WHAT YOU ARE ASKED TO DO: Keep the images out while you retype all of the data exactly.
------ RECORDED DATA
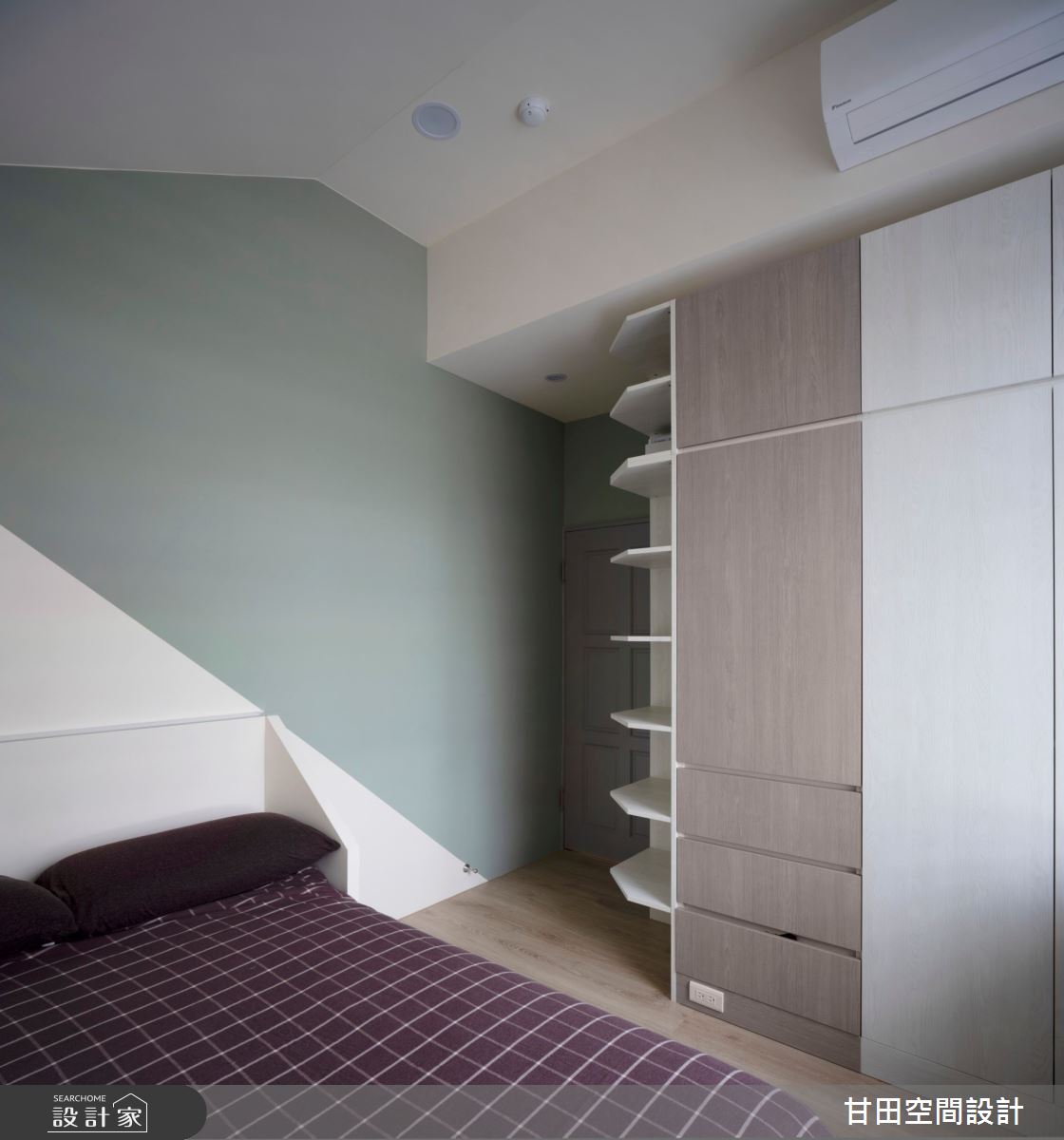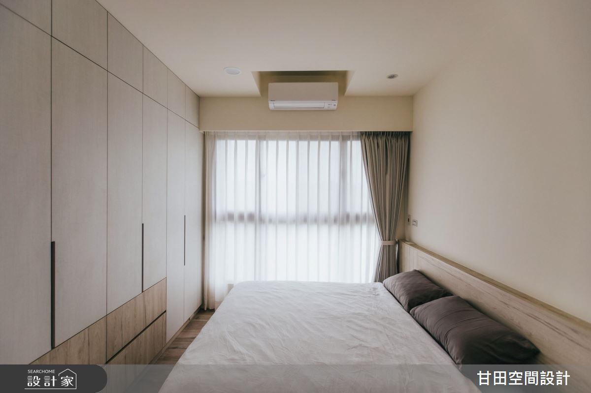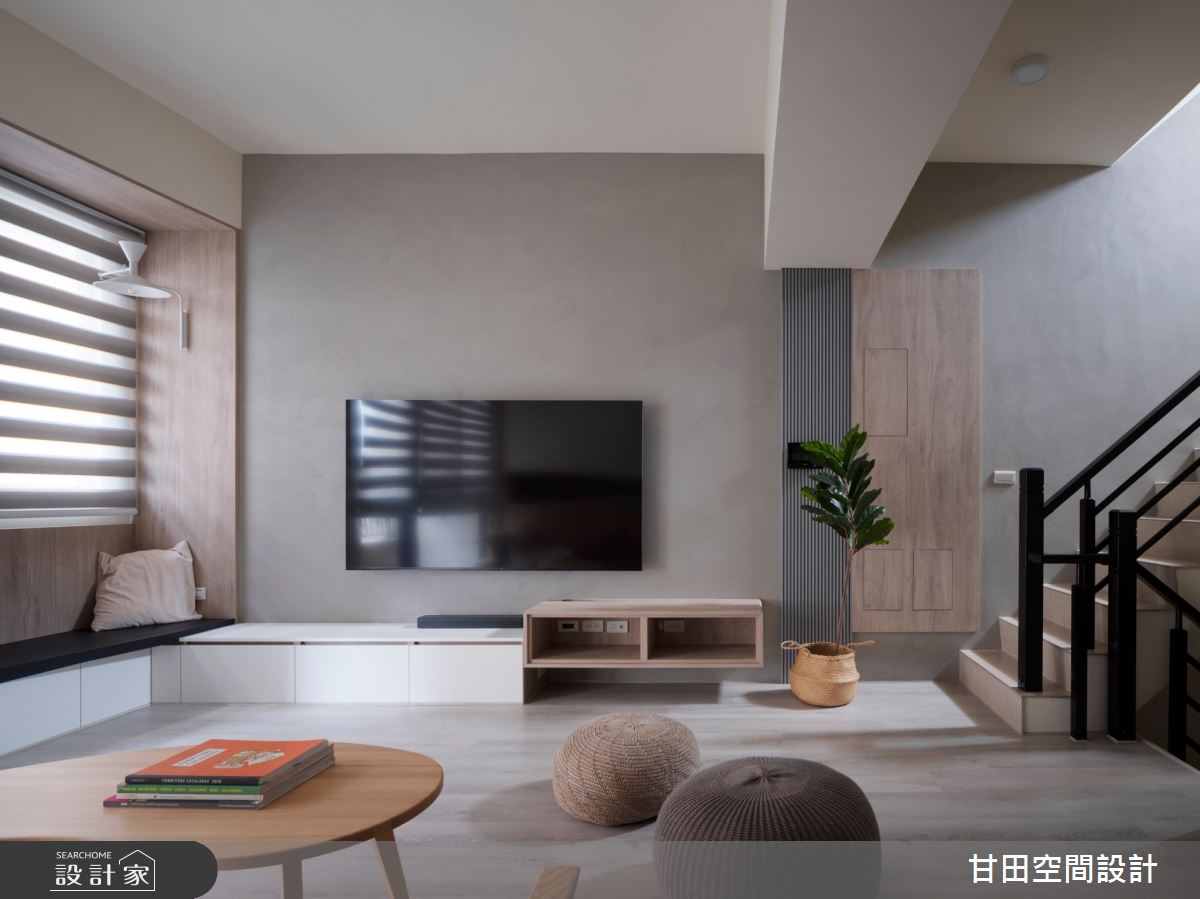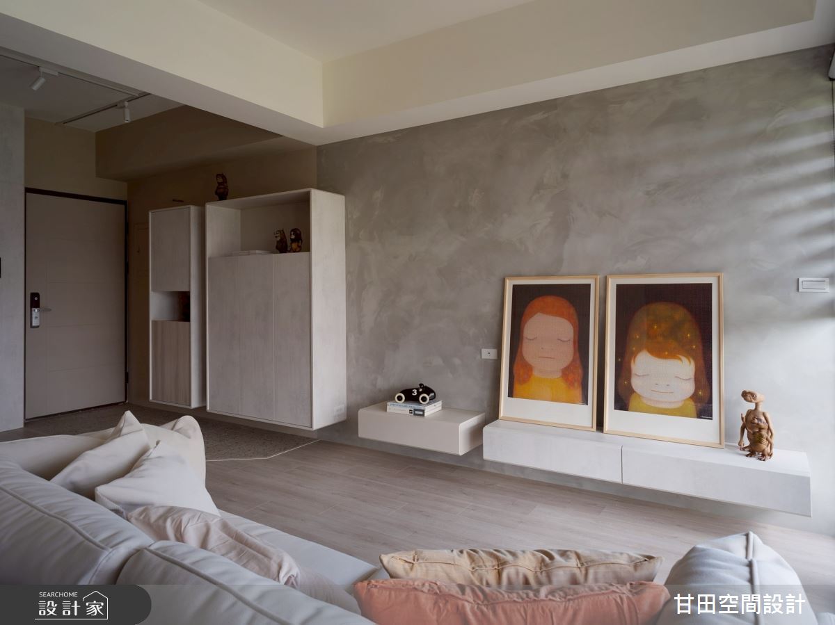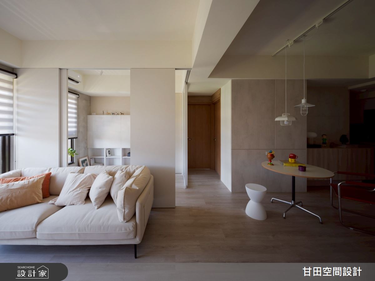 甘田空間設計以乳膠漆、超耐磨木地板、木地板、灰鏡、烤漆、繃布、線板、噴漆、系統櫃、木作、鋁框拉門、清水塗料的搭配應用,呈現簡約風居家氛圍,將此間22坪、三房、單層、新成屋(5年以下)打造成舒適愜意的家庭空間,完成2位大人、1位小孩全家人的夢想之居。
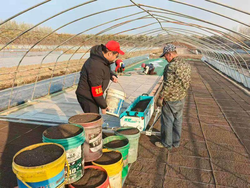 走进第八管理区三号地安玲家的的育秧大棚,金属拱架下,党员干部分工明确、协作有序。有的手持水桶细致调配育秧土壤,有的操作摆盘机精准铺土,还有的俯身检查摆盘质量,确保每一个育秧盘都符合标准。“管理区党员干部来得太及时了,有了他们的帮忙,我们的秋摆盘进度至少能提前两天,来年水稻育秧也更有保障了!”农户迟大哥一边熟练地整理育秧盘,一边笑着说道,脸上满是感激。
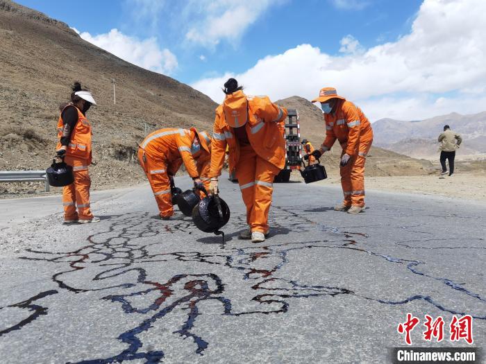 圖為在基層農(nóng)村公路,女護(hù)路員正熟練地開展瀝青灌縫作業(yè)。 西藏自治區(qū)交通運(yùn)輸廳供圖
------------
WORKED SOLUTION:
 甘田空間設計以乳膠漆、超耐磨木地板、木地板、灰鏡、烤漆、繃布、線板、噴漆、系統櫃、木作、鋁框拉門、清水塗料的搭配應用,呈現簡約風居家氛圍,將此間22坪、三房、單層、新成屋(5年以下)打造成舒適愜意的家庭空間,完成2位大人、1位小孩全家人的夢想之居。
 走进第八管理区三号地安玲家的的育秧大棚,金属拱架下,党员干部分工明确、协作有序。有的手持水桶细致调配育秧土壤,有的操作摆盘机精准铺土,还有的俯身检查摆盘质量,确保每一个育秧盘都符合标准。“管理区党员干部来得太及时了,有了他们的帮忙,我们的秋摆盘进度至少能提前两天,来年水稻育秧也更有保障了!”农户迟大哥一边熟练地整理育秧盘,一边笑着说道,脸上满是感激。
 圖為在基層農(nóng)村公路,女護(hù)路員正熟練地開展瀝青灌縫作業(yè)。 西藏自治區(qū)交通運(yùn)輸廳供圖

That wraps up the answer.